The encyclopedic knowledge and vast music collection of host and renowned blues scholar Scott Barretta are only a couple of the many sources Highway 61 draws its rich content from every week. Highway 61 also features resources from the Blues Archive at The University of Mississippi’s J.D. Williams Library, material from artists featured in another Ole Miss institution, Living Blues magazine, field recordings and interviews with artists, and live shows that Barretta and other Highway 61 staff cull from every juke and cranny of Mississippi.
Over the years, the hosts of Highway 61 have included William Ferris, blues scholar and director of the Center for the Study of Southern Culture, and David Nelson, who, like Barretta was an editor of Living Blues.

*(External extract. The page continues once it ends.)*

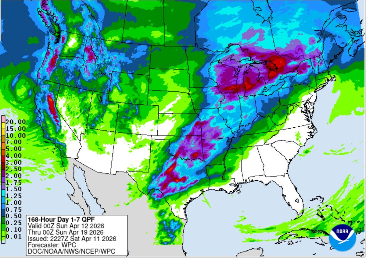 This is the 7-day combined rainfall total forecast from the Weather Prediction Center. Some of the heaviest rain in the U.S. will fall in West Michigan this week. A front will move back and forth, bringing successive rounds of rain and storms from Texas to the Great Lakes.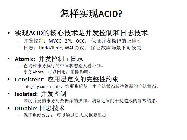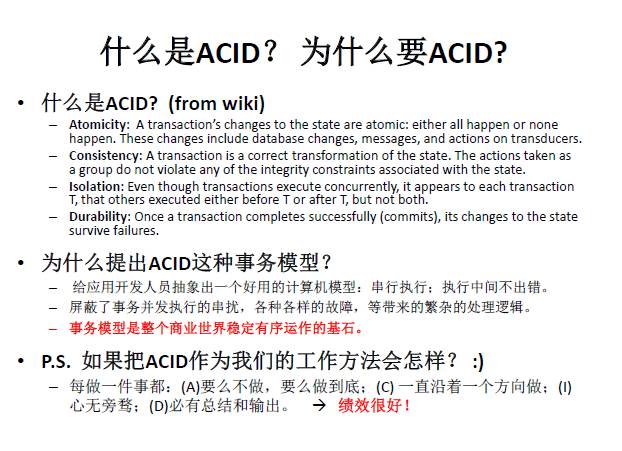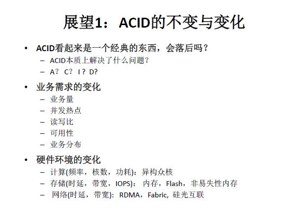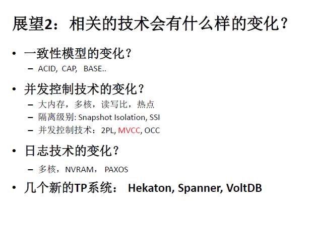 下面是一个简单的总结和展望。展望部分,主要考虑几个问题:(1)ACID有哪些不变和变化?(2)业务特征的变化,硬件的变化,对事务处理提出了什么样的要求?(3)随着这些趋势,相关的支撑事务处理的技术有哪些变化?(4)最近出现的三个新的事务处理系统,Hekaton, Spanner, VoltDB, 各自有什么样的考虑和特点?

In early 2007, the Seattle-based Blues Music Foundation rewarded Highway 61 with a generous $15,000 operating grant, These award dollars will enable Highway 61's staff to continue to travel and record music and oral histories with blues artists for use on the radio show and for ultimate deposit at the Blues Archive, where they can be enjoyed by fans and blues scholars. The grant will also allow Highway 61 to expand into documentary film production.
Highway 61, which has at 100,000 listeners in Mississippi and a potential of over three million listeners in the Mid-South, is based at the University of Mississippi’s Center for Media Production, where it is recorded and produced each week under the supervision of director Andy Harper and producer and engineer, Joe York.
As Highway 61 grows along with the vibrant blues tradition, it will continue to entertain and inform listeners from Memphis to Mobile and beyond, and demonstrate why Mississippi’s oldest and longest continuous running blues radio show is also still the best.